> TRY IT: Could you retype exactly the lines below between the one holding "アレンジに沿ってヘアードをつけたふわっとハーフアップです" and the one holding "11月8日,在青海省海北藏族", inclusive, leaving out any pictures?
------------------------------------------------
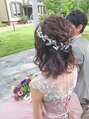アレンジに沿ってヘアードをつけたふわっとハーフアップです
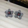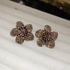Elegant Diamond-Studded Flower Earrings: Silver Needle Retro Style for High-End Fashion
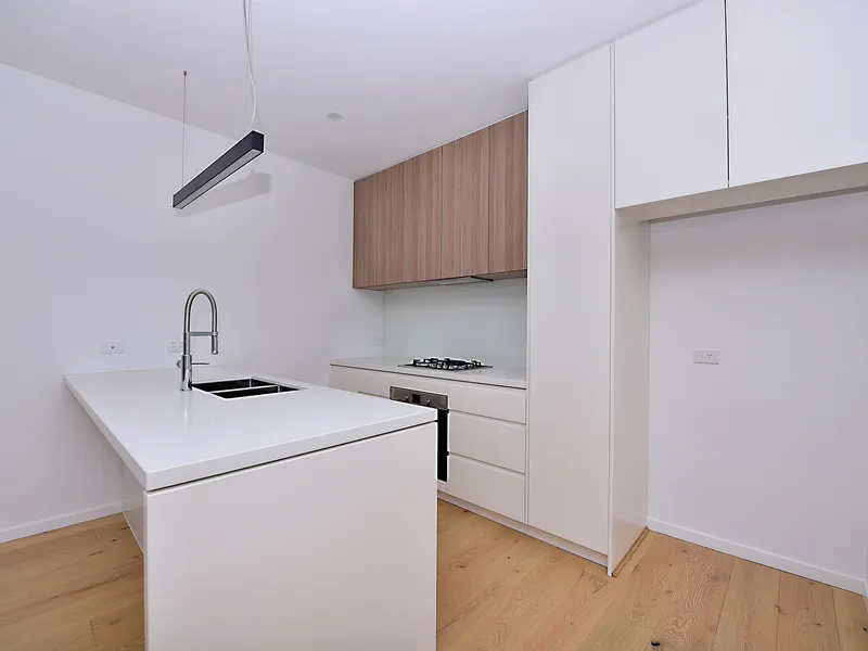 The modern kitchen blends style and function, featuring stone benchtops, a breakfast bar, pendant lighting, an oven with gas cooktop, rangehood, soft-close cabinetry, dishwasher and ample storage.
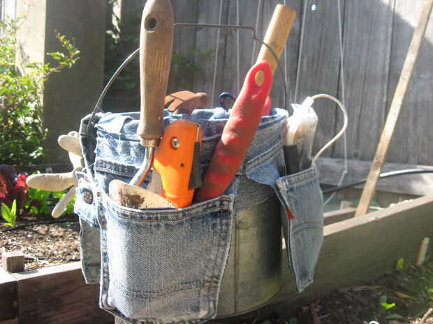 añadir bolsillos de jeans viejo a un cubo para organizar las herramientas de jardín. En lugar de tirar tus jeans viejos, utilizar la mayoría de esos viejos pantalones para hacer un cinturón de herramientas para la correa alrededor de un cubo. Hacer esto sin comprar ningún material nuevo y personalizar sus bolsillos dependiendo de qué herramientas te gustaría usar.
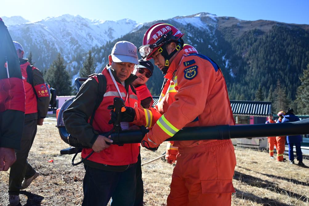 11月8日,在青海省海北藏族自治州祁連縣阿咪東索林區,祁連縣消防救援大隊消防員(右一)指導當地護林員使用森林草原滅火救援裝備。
------------------------------------------------
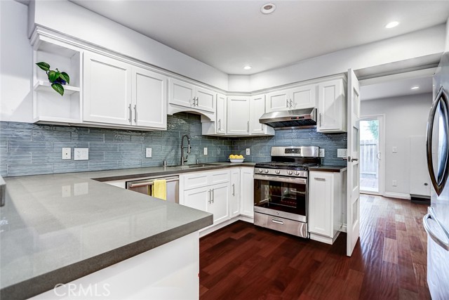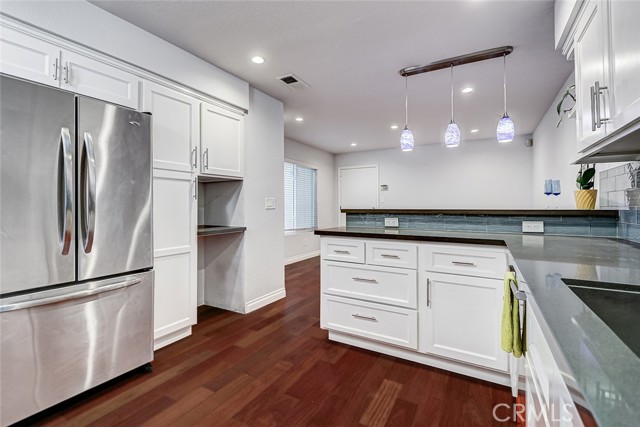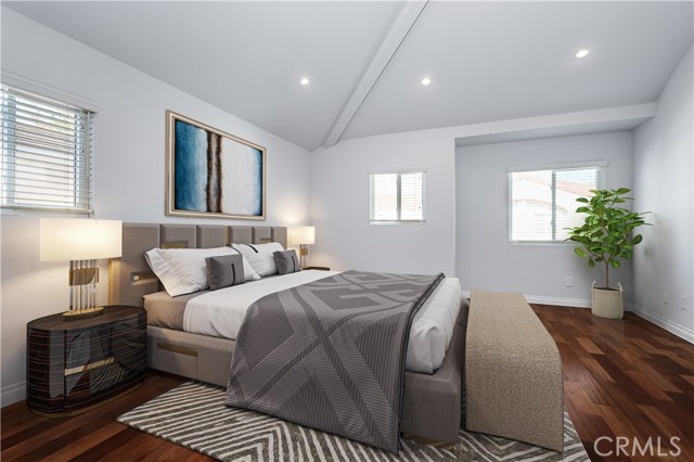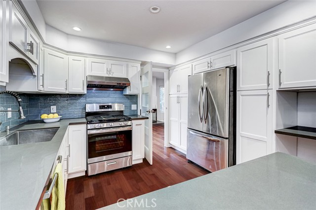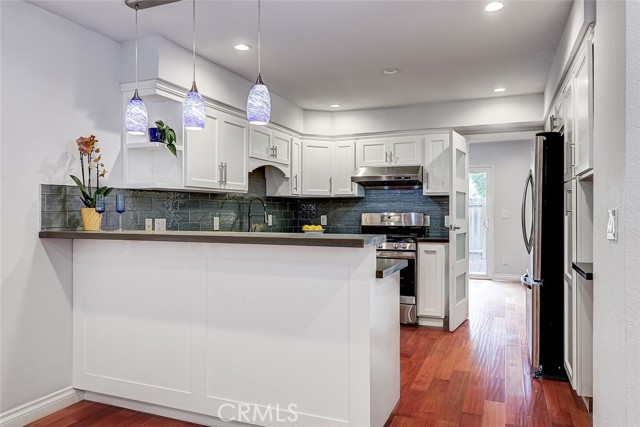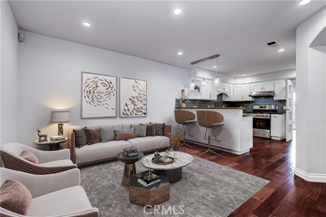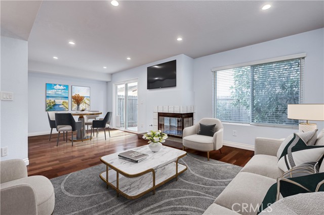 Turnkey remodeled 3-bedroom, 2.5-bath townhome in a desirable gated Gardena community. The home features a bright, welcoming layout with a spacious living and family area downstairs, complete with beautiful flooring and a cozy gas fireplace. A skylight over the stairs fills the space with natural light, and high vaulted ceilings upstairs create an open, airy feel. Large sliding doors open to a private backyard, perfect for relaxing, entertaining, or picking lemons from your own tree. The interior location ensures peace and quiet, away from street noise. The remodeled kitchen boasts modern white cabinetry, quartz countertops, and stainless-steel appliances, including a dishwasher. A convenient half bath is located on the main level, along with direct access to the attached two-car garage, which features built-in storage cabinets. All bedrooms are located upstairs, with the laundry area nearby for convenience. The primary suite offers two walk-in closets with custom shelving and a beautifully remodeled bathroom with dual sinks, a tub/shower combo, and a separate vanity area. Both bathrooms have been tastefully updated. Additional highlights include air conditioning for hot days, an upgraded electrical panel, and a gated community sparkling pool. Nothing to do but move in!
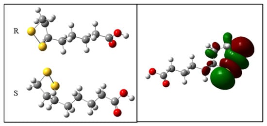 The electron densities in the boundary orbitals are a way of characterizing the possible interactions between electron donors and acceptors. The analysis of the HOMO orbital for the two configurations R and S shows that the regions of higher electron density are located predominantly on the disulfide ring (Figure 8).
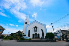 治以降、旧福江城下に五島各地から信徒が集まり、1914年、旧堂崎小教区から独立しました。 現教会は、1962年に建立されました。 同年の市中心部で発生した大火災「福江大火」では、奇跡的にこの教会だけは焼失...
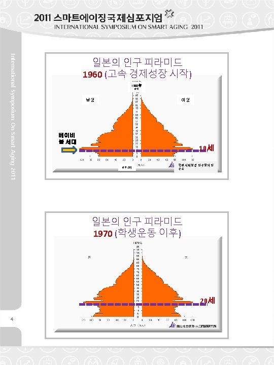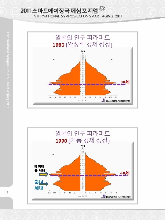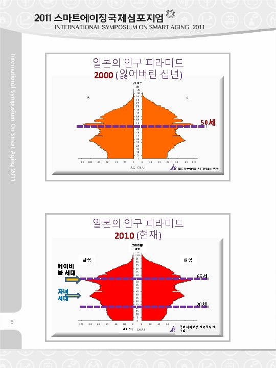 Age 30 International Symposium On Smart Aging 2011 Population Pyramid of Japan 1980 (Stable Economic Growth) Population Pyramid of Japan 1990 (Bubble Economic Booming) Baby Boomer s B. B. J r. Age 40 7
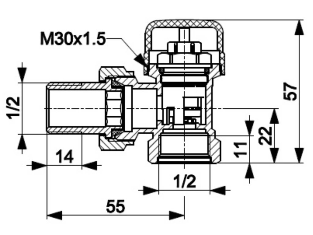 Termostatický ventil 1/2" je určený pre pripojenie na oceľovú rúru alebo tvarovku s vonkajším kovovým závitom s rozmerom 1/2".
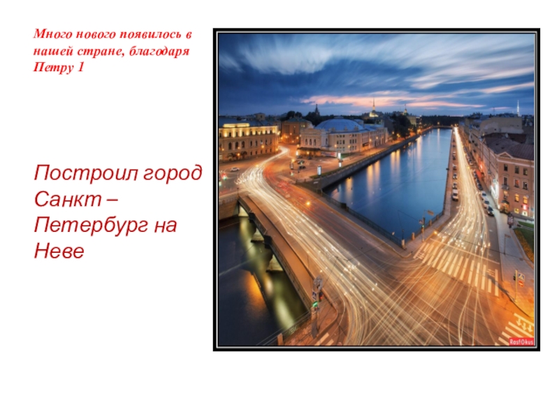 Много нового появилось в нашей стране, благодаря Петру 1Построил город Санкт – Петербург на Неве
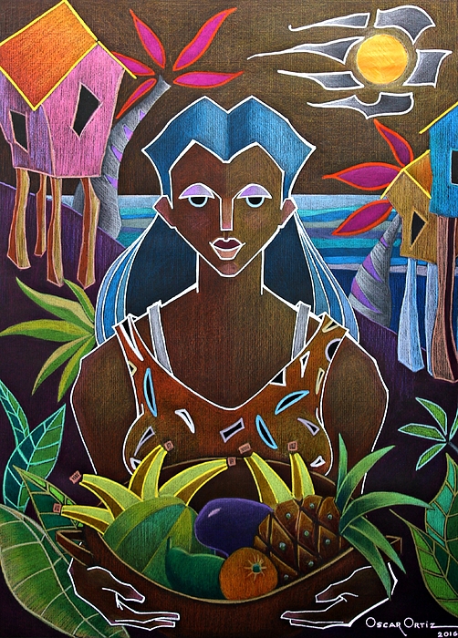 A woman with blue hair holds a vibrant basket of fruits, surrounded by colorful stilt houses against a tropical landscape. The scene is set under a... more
------------------------------------------------
> RESULT:
アレンジに沿ってヘアードをつけたふわっとハーフアップです
Elegant Diamond-Studded Flower Earrings: Silver Needle Retro Style for High-End Fashion
 The modern kitchen blends style and function, featuring stone benchtops, a breakfast bar, pendant lighting, an oven with gas cooktop, rangehood, soft-close cabinetry, dishwasher and ample storage.
 añadir bolsillos de jeans viejo a un cubo para organizar las herramientas de jardín. En lugar de tirar tus jeans viejos, utilizar la mayoría de esos viejos pantalones para hacer un cinturón de herramientas para la correa alrededor de un cubo. Hacer esto sin comprar ningún material nuevo y personalizar sus bolsillos dependiendo de qué herramientas te gustaría usar.
 11月8日,在青海省海北藏族自治州祁連縣阿咪東索林區,祁連縣消防救援大隊消防員(右一)指導當地護林員使用森林草原滅火救援裝備。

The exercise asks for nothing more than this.